*Task objective*:
Scan the data beneath this task and copy each line that includes "Palm".

───── Material provided

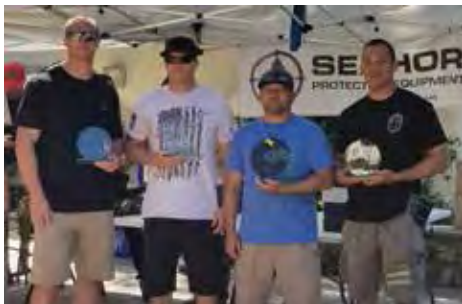
1st Place - Open Division Metro "G"

SHOT Show 2019 is around the corner and we are getting ready to launch a series of videos via Facebook and YouTube to keep track of all the latest gear being released. Until then keep shooting and stay safe.
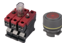
K0101-A Control button with signal lamp
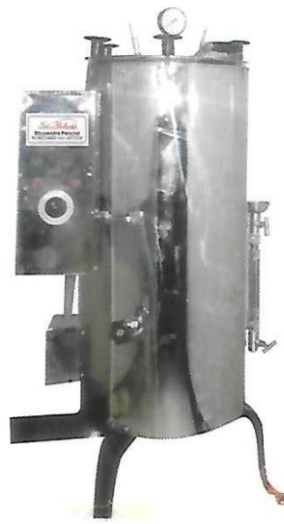
Semi Automatic Double Drum Autoclave Machine SM-1115
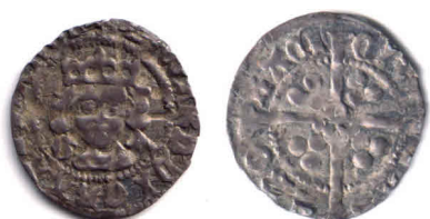
Fitzwilliam Museum Ex C.E. Blunt IM Short Cross Fitchee, B&W XII4
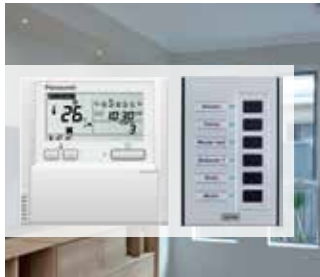
Reverse Cycle Air Con
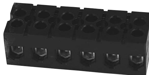
985 GP 06
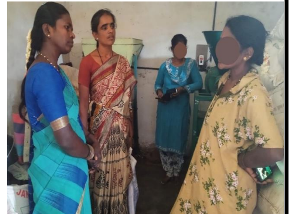
conversation with Women Farmers in Kanakapura district

The HEs sell the nutrition products to their community members, earning an individual income as well as for the collective.
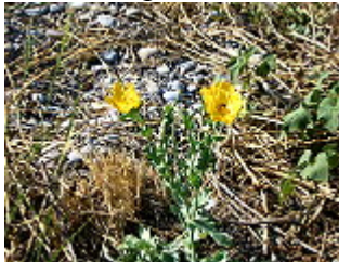
PAPAVERO CORNUTO/YELLOW HORNED-POPPY ( Glaucium flavum ), bloom April – September.
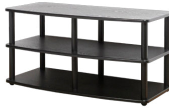
SE-V3 42 (Black Oak)-B (with center tube installed)
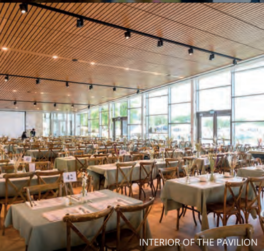
INTERIOR OF THE PAVILION
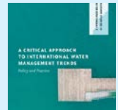
“A Critical Approach to International Water Management Trends - Policy and Practice.”
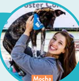
Mocha attended many of our events!
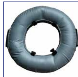
Sand Bags x 4.
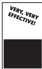
1/2 Page 4 3/4" X 3 3/4"
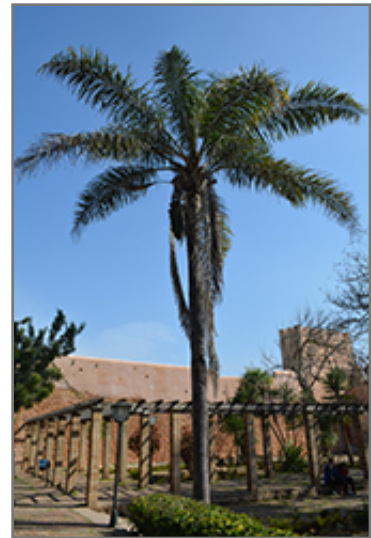
Queen Palm

Queen Palm is recommended for the following landscape applications;
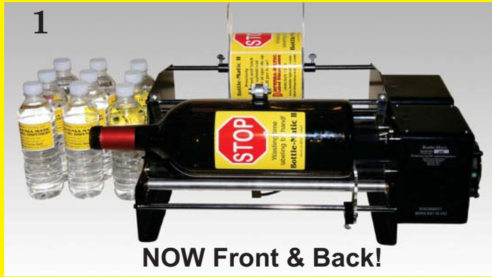
1 NOW Front & Back!

A trouble free low cost way of affixing pressure sensitive labels when compared to the cost of complex high speed labeling equipment and the skilled personnel required to operate them
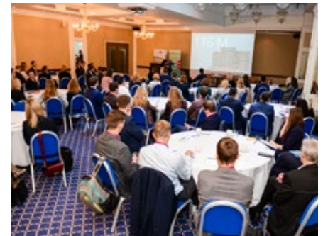
Informal Members' Get-Together Events in Vilnius and in Kaunas
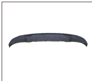
FRONT BUMPER LOWER BOARD 903.KA05010A OE:
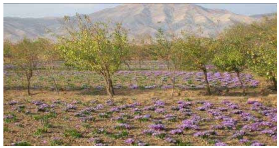
Traditional pit planting method (Herat Province, Afghanistan)
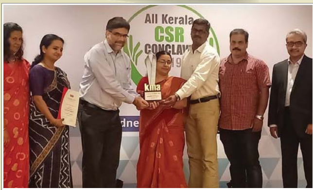
CSR Award in Environment & Greenery Category
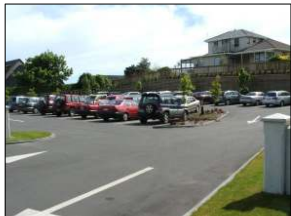
Carpark at Tupare
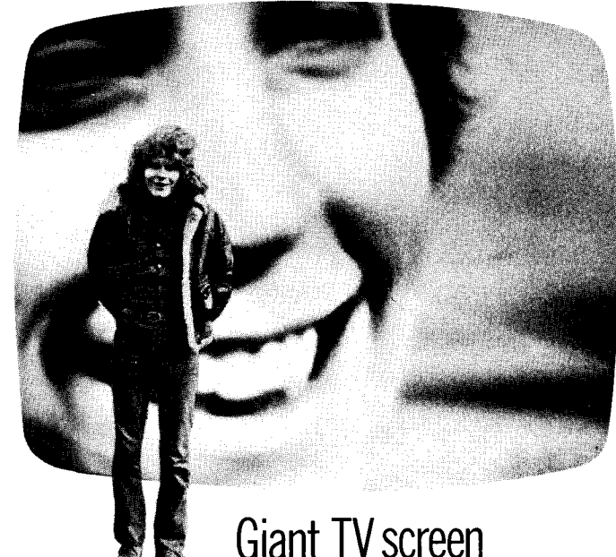
Giant TV screen
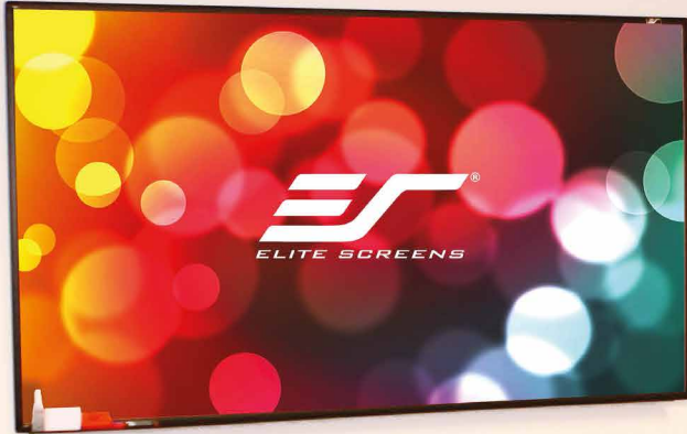
Shown here on WhiteBoardScreen™ Series

Elite's VersaWhite material performs as versatile as a Matte White screen material with the addition of being a dry-erase surface as well. The surface is coated with a transparent dry-erase layer for use as a white board while keeping uniform diffusion and enhancing true color rendition.

──────────

*The completed task*:
Queen Palm
Queen Palm is recommended for the following landscape applications;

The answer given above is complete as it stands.